Мориц погасил фонарик. Выделенный световым маркером абзац побледнел, и на странице воцарились солнечные пятна.
– Что ж, Кукольник, – отозвался Мориц. – Я как раз собирался о нем почитать. У деда на чердаке книг пять или шесть про него.
– Ух ты! – я даже присвистнул от удивления. – Популярный национальный герой?
– Герой, не герой, – пожал плечами Мориц, – а самое интересное в его истории то, что она не только случилась на самом деле, но еще и в этих вот самых местах. Кукольник ходил по дорогам – из Оберхаузена на Швиллинген, ел… ну, не у Фабио, но на месте «Perle», говорят, и раньше стоял трактирчик. Покупал время у Часовщика…
– Шутишь? – меня передернуло, а Лина рядом со мной нервно хмыкнула.
– Очень может быть, – сказал Марк. – Часовщику лет сто, не меньше. А то и двести.
Это прозвучало нелепо, но никто не засмеялся. Часовщиком у нас в Оберхаузене звали сумасшедшего старика с труднопроизносимой восточной фамилией. Впрочем, все называли его просто «господин Ли». Он не продавал часы и не чинил их, а торговал овощами и фруктами. На конторке перед ним всегда стояли огромные весы с латунными чашками – у меня они вызывали ассоциацию с Фемидой, – и когда покупатель заходил в магазин, Часовщик спрашивал, например: «Взвесить вам килограмм времени?» Или полкило, или сто пятьдесят грамм, или еще сколько-нибудь. Над ним смеялись, но только до тех пор, пока не заметили, что те, кому господин Ли отвешивает всего пару десятков грамм времени, как-то очень быстро умирают. Тогда Часовщика стали бояться.
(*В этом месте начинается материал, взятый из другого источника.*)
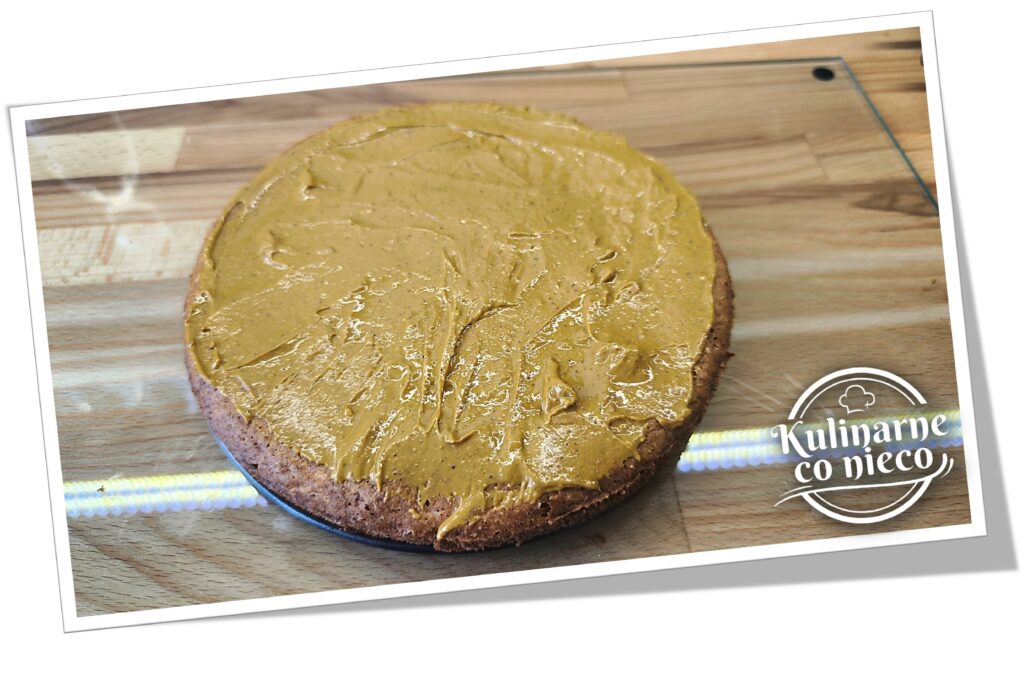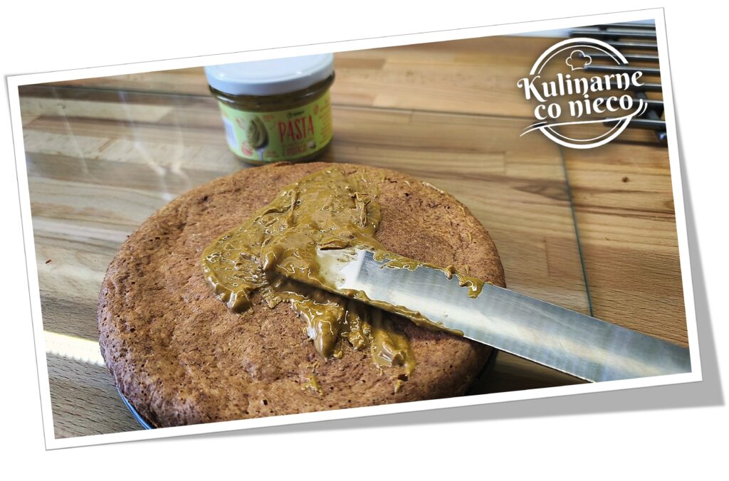 Wystudzony blat marchewkowy ułożyć na dnie tortownicy, w której był pieczony. Wierzch równomiernie posmarować pastą pistacjową (około 1½ łyżki). Zabieg ten nie tylko wzbogaca smak o delikatną, orzechową nutę, ale również pomaga lepiej połączyć obie warstwy deseru.

– Возможно, в сарае, где мы сейчас валяемся на сене, Кукольник прятал своих марионеток или давал представления, – задумчиво произнес Мориц. – Или вот этими самыми граблями, – он кивнул на прислоненные к стене грабли, – его забили до смерти.
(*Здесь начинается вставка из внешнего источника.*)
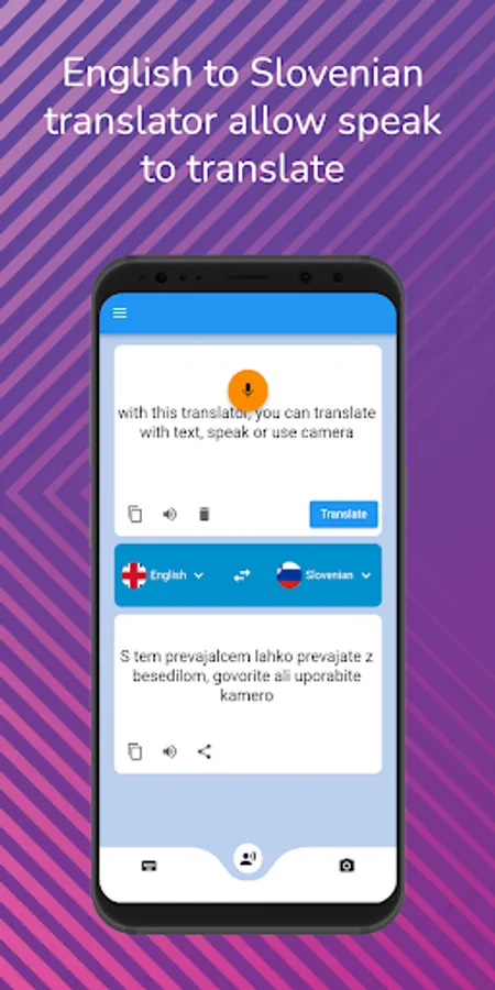 With this translator you can easily translate words and text from Slovenian to English and from English to Slovenian.This translator is free and you are able to translate words or sentences quickly, conveniently and easily.

– Его забили граблями? – поразился Марк, а я с уважением оглядел ржавую раскоряку с почерневшей ручкой, и налипшие на зубцы катышки навоза показались мне засохшими кусочками человеческой плоти. Ерунда, конечно. Мое проклятое воображение.
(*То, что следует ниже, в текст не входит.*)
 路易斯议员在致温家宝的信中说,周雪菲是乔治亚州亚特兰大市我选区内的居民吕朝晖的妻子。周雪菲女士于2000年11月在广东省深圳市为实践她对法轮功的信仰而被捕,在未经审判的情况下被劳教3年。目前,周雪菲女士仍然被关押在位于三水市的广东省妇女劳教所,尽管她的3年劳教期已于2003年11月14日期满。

– Никто толком не знает, как он погиб. Теперь, я хочу сказать. Но существует несколько гипотез, – охотно пояснил Мориц. – Например, что его зарыли в землю живьем, закидали песком или камнями, обмазали медом и посадили на муравейник, утопили или, как я сказал, забили насмерть граблями и лопатами, а может, и еще чем-нибудь. Но я еще не все прочитал. Это второй том, а я его только начал.
– Прямо китайские казни, – заметила Лина, нервно теребя ленточку в косе. Бантик развязался, и волнистые темно-рыжие волосы заструились по плечам. – Жалко его.
Мне тоже стало жаль бедолагу. Дались ему эти куклы и кукольные спектакли. Нет бы заняться чем-нибудь полезным, например, продавать яблоки да инжир, как господин Ли? Зачем делать то, что другим ненавистно, за что тебя все время бьют и мучат?
– Он не мог иначе, – возразил Мориц не то Лине, не то мне на мои невысказанные мысли. – В книге написано, что марионетки были живыми и что на самом деле не Кукольник их водил, а они его водили. Он не смог бы от них освободиться, даже если бы захотел. Хотя плевки и побои доставались ему, Кукольнику.
– Как интересно, – протянул Марк. – Дай почитать?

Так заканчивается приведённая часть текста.